Итак, мой ‘алгебраический знак’, — если бы он был принят, — имел бы в основе некоторые общие требования пролетариата, с одной стороны, и некоторых слоев буржуазии — с другой. Вот вам и классовая основа, г. Solus! Мой ‘алгебраический знак’ не был принят ни левыми, ни крайними левыми. Я очень сожалею об этом обстоятельстве. Но я совсем не могу принять его за довод против ‘алгебраических знаков’.
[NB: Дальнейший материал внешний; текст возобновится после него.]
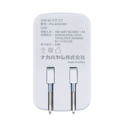出力(OUTPUT):5V3A、 9V3A、12V3A、15V3A、 20V3.25A、 5~11V3.25A(65W Max)
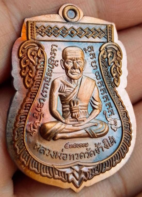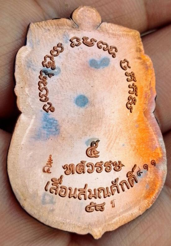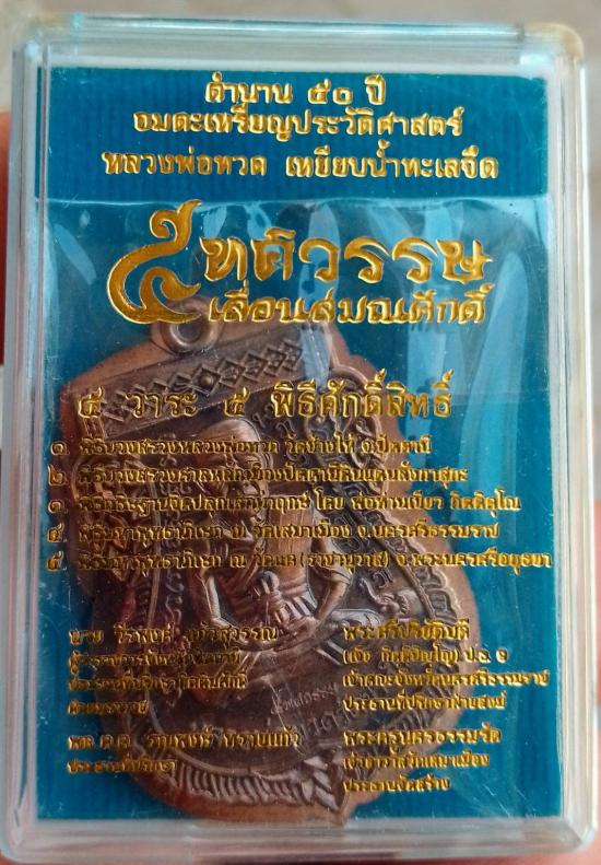 เหรียญเลื่อนสมณศักดิ์ หลวงปู่ทวดปี 58 เนื้อชนวนไม่ตัดปีกหลังกึ่งเรียบ (ชุดเนื้อเงินหน้ากากทองคำ) ตอกนัมเบอร์ 911 พร้อมกล่องเดิม สภาพสวย
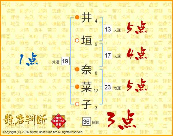 井(4画)垣(9画) 奈(8画)菜(12画)子(3画)
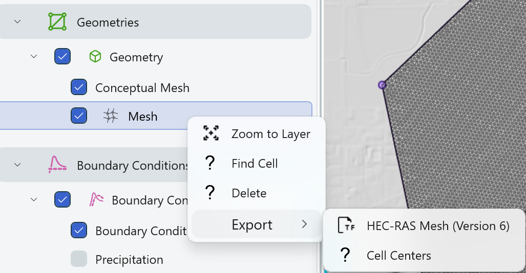 Opening a project file is supported for RAS 2025 projects (*.ras), but there is also an experimental RAS version 6 (*.prj) importer. This is a 'best effort' importer, which tries to convert geometry/boundary-condition/terrain inputs to their 2025 counterparts. The v6 importer will be expanded and improved over the coming years, and we'll highlight new feature support as it arrives. Note that v6 geometries cannot be run with the new solver, so their principle use is for visualization and vanilla GIS operations (copy river centerline as mesh arc, etc.). Any file that can be opened from the Open Project page can instead be dragged and dropped onto the interface.
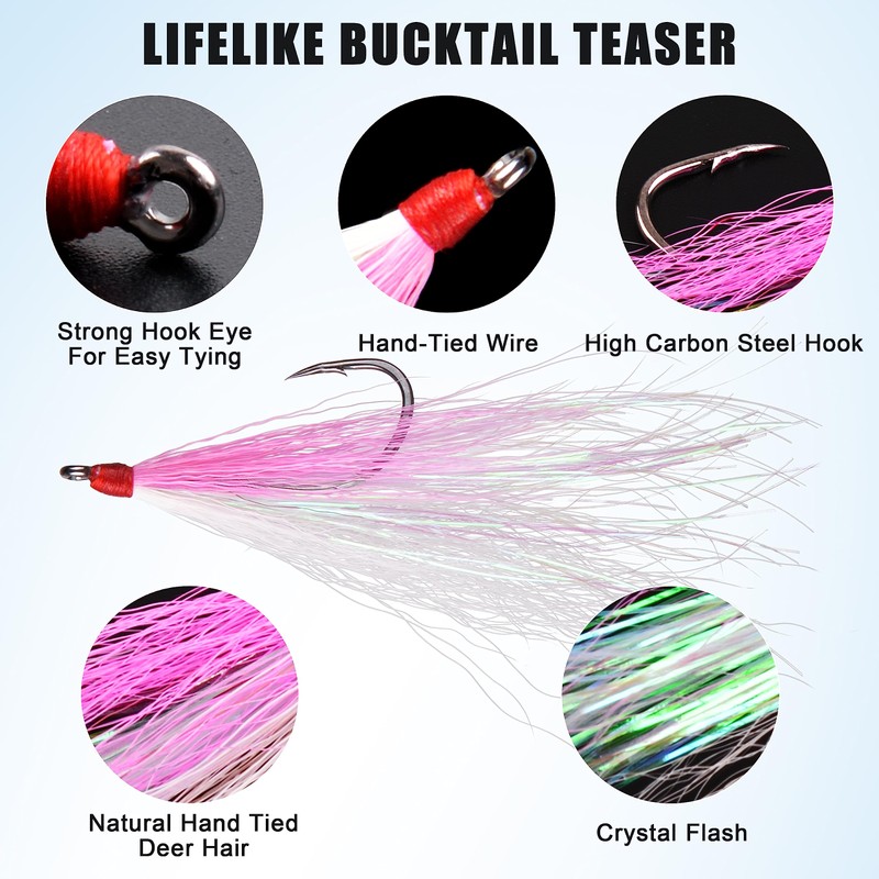 ATTRACTIVE: Bucktail teasers hook is made with genuine bucktail, added flashing pearl mylar make the lure dynamic look underwater.
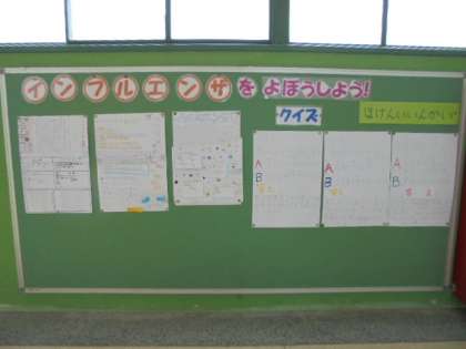 保健委員会では、インフルエンザの予防を呼びかけようと、自分たちでインフルエンザについて調べ、新聞やクイズをつくりました。保健室前に掲示しています。今週インフルエンザでの欠席者は、全校で数名に減っています。しかし、京都市内にはインフルエンザ警報が発令中で、まだまだ油断はできません。ご家庭でも引き続きインフルエンザ予防をよろしくお願いします
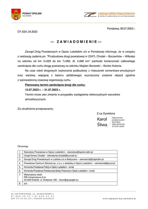 Jak zastrzega ZDP, termin zamknięcia drogi może ulec zmianie, wszystko zależeć będzie od warunków atmosferycznych.
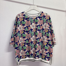 新款气质甜美印花荷叶边圆领卫衣宽松显瘦圆领半袖别致上衣女衬衫
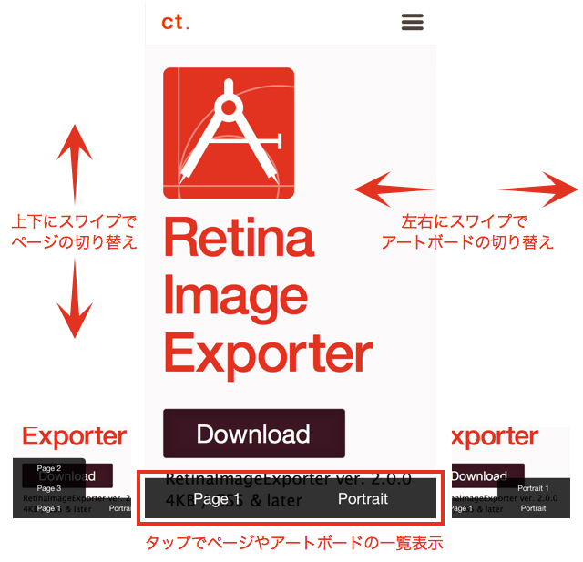 左右スワイプでアートボードの変更、上下のスワイプでページの変更になります。タップすると下にメニューが出てきて、左側がページの切り替え、右側がアートボードの切り替えとなっています。
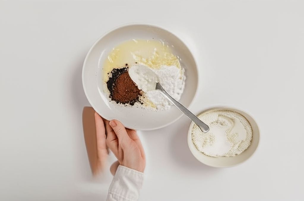 Masło topimy w rondelku i zostawiamy do ostygnięcia. Przelewamy do miski. Wsypujemy cukier puder, kakao i mąkę pszenną. Wszystko wyrabiamy na kruszonkę.
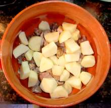 Вынуть горшок из духовки, проверить готовность картофеля. Если не готов – вернуть в печь ещё на 30 минут или томить до готовности картофеля.
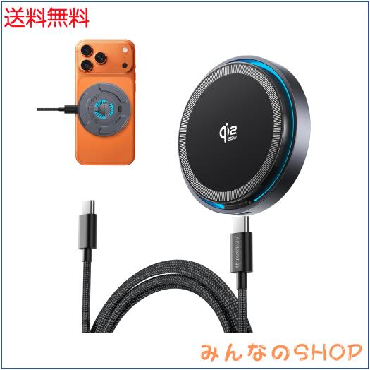 THREEKEY MagSafe充電器【Qi2公式認証 25W高速充電】高回転冷却ファン・効果的な放熱 両面マグネット式 マグセーフ充電器 Qi2.2 25W超高

Г-н Solus склонен принимать такие ‘знаки’ за ‘красивые побрякушки’. Вследствие этого он, вероятно, очень удивится, когда я скажу ему, что мой ‘знак’ был отвергнут левыми по причине совершенно противоположного свойства: они увидели в нем слишком определенное, но неприятное для них требование. Почему не понравился мой знак крайним левым, об этом мы поговорим ниже, но что левые оттолкнули его вовсе не по той причине, что он показался им недостаточно определенным, в этом не может быть ни малейшего сомнения. Они отвернулись от него потому, что узнали в нем ‘псевдоним’ одного весьма конкретного, но неприятного для них требования, т. е., стало быть, только потому, что определенность этого требования имела неприятный для них оттенок.
А почему его оттенок неприятен для них? И это нетрудно объяснить: потому, что идея, обозначаемая предложенным мною знаком, угрожает экономическим интересам некоторой части кадетской партии.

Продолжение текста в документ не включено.